For the records below, print the lines from the line with "A, B 휴게실 모두 10시에 곡을 차례대로 튼다고 한다." through the line with "Nature's Bounty, Vitamina" exactly as written; include both end lines and exclude the rest.

[Records supplied]:
------------------------------
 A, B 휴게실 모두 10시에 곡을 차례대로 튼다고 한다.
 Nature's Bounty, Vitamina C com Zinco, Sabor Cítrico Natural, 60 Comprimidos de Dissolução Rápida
------------------------------
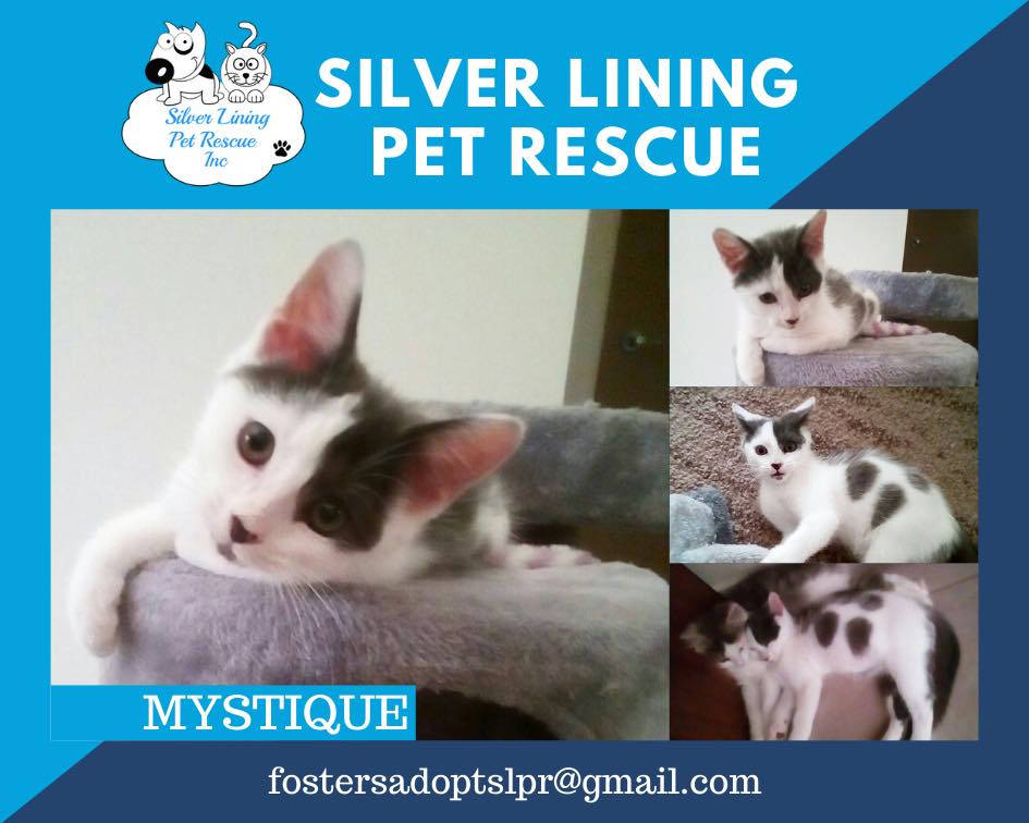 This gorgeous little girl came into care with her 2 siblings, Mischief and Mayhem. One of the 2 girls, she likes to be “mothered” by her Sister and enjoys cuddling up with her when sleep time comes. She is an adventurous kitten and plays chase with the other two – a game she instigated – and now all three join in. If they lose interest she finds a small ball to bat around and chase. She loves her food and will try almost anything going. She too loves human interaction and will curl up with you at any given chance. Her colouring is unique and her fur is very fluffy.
------------------------------
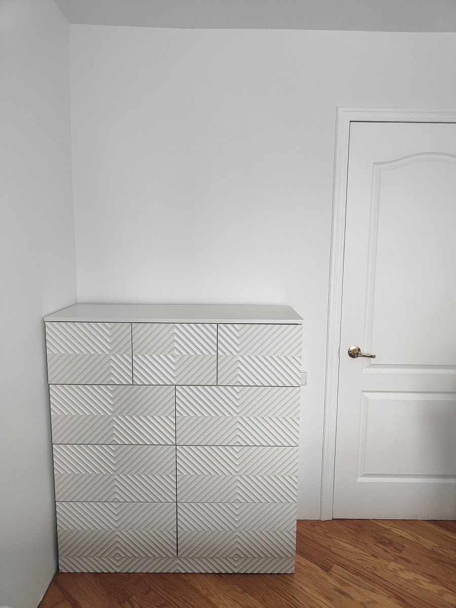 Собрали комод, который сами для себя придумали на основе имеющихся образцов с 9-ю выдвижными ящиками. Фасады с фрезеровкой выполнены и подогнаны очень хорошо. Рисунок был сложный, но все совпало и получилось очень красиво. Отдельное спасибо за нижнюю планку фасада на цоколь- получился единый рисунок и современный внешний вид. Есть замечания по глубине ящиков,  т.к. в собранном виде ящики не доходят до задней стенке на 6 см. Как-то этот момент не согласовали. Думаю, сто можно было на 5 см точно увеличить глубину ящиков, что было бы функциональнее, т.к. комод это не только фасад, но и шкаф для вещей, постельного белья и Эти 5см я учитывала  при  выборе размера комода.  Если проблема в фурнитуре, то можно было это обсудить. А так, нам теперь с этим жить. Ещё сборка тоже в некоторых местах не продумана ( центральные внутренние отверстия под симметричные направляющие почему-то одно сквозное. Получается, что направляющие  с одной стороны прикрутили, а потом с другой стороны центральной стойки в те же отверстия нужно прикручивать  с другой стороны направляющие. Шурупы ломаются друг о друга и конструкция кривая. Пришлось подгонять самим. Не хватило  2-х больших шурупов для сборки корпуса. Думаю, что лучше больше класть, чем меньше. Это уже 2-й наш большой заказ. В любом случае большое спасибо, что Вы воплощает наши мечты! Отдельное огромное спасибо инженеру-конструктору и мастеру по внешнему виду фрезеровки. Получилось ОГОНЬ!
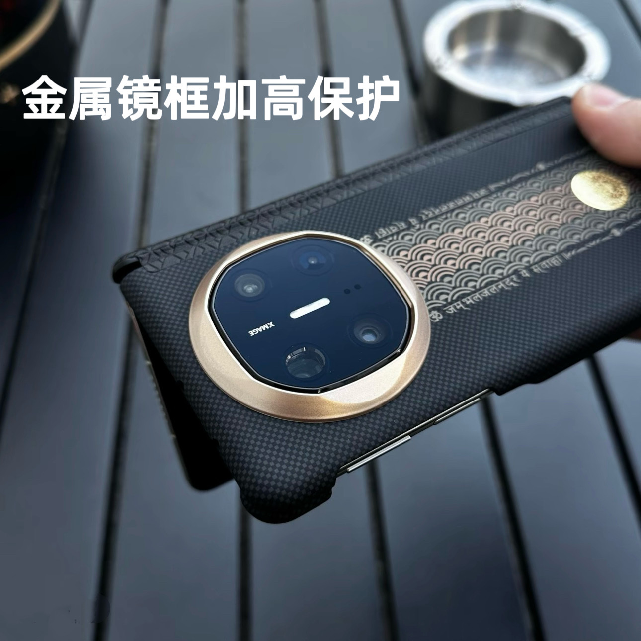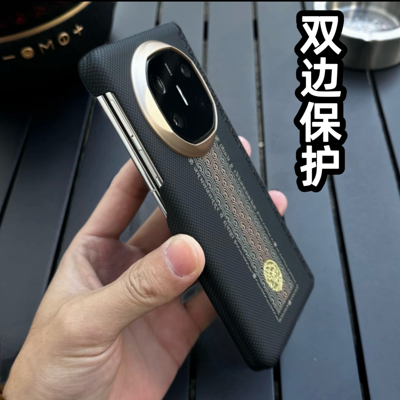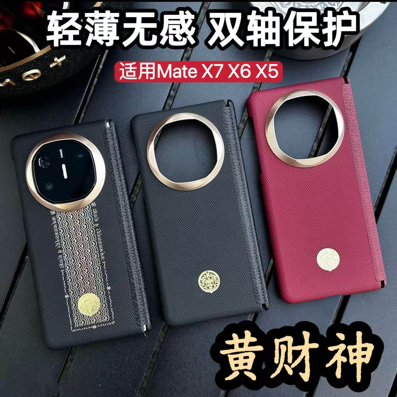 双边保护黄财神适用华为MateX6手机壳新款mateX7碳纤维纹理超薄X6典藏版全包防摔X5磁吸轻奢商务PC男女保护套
------------------------------
[Exercise solution]:
 A, B 휴게실 모두 10시에 곡을 차례대로 튼다고 한다.
 Nature's Bounty, Vitamina C com Zinco, Sabor Cítrico Natural, 60 Comprimidos de Dissolução Rápida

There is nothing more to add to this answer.